There were a couple of reasons why we chose Go. The funny one is, it was just a passing comment, but it is still a funny comment, which is, if we use Go and if our project fails, we can blame it on that. I don't think that's the reason why we chose it. That was definitely one statement that was made in the conversation. Really, the reason why we chose Go is because of Rob, Russ, Ian, and Robert Griesemer. Because it was such a brand new language, we had to check out the authors, and we actually basically studied those people. We realized that their values, their thinking, their philosophy is very mature, and similar to the way we approached problems, which means that they were not too theoretical or too hacky. They had a very good pragmatic balance about how to solve problems. It was around the time where within Google there was a case where engineers were going through this phase where they had this fascination to complexity. Where anything complex is awesome, type of thing. This was one group of people that were contrarian to that. They were saying, you can be simple. I said, "I like that. I like the way you think."

What happened at that time was, I gave Dmitry Vyukov a reproduction as to why we are stuck. The challenge I gave him was, we have eight CPUs. That's all we have. The Go runtime today is only able to use six. If you optimize the runtime to use the other two CPUs, we will be true. That's the challenge I gave him. He went away for, I think, two months, and came up with this work-stealing design and a prototype implementation. We tried it, it indeed start the eight CPUs. That pulled us out of trouble. He saved our project. If that had not happened, we might have moved away from Go. It was not because of Go's design. It was just that we were getting pressured because YouTube was about to fall apart. We needed to find a solution. That solution basically restored our faith in Go. After that, we never had any struggle.

Cormack: Both Solomon and Sugu were looking for the right language for their new project, a systems language for cloud native. Both of them really also felt that community was important. We can say that for Sugu, it's the community of the creators of Go, and the people working on making the language better. For Solomon, it was the community that he wanted to create around Docker to make the language accessible to this community.

Why Go Became a Dominant Systems and Cloud Native Language

Around this time, late 2012, Derek Collison who created the NATS project, tweeted that within two years, Go would become the dominant systems language and the language for cloud native. At the time, people were very skeptical, of course, but it actually worked out that way. In that period, Docker and Kubernetes were both released, and there was a huge explosion of usage. I talked to him about how he came to that conclusion back then.

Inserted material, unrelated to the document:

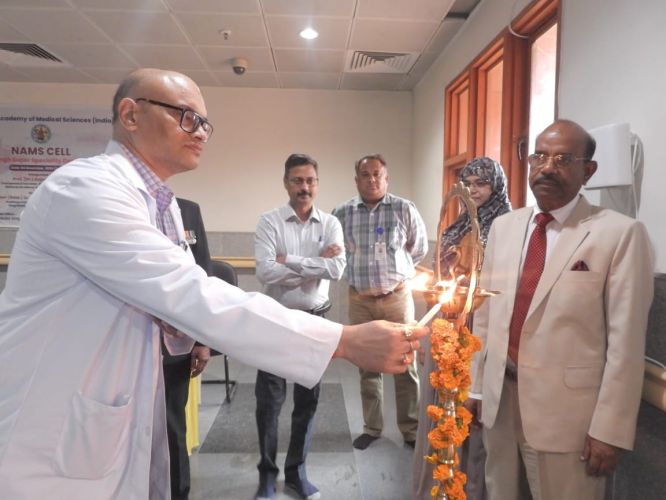 The National Academy of Medical Sciences (NAMS) cell was inaugurated today at the Kalyan Singh Super Specialty Cancer Institute by Dr. Rajendra Prasad, who also shared his experiences and contributions in the field of lung cancer during his lecture.

Collison: The original NATS was written in Ruby, like Cloud Foundry was. I actually from a development perspective, and just liking working in a language once the system is set up, Ruby is still awesome to me. Deploying production systems with the Ruby VM and all the dependencies, and we had dependencies on event machine to do async stuff more efficiently and stuff, wasn't going to work. In 2012, when we had started Apcera, we were internally huddling around, yes, NATS will be the control plane addressing discovery and telemetry system for the Apcera platform as well, called Continuum. I didn't want to run in Ruby anymore, and we were looking at either Go, which was the newcomer. I think it was at 0.52 at the time, or Node.js, which was also a newcomer, but not as new at least from a lexicon perspective as Go. There was definitely some initial things that we chose.

Then, after being in the Go ecosystem for so long, there were some interesting observations now about why it was the right choice that weren't necessarily the original decision makers. The original decision makers were trying to alleviate the pain that we had deploying production systems with the Ruby ecosystem. Node, even though it had npm, or the beginnings of it, at the time, it was still a virtual machine, had a package management system that had to be spun up and all wrapped around it. Go had the ability to present Quasi-Static Executables. We do full blown static executables, you had to do a little extra work. That was a huge thing, meaning our deployment could be an SCP, essentially. Goroutines and the concurrency model were interesting to us, for sure.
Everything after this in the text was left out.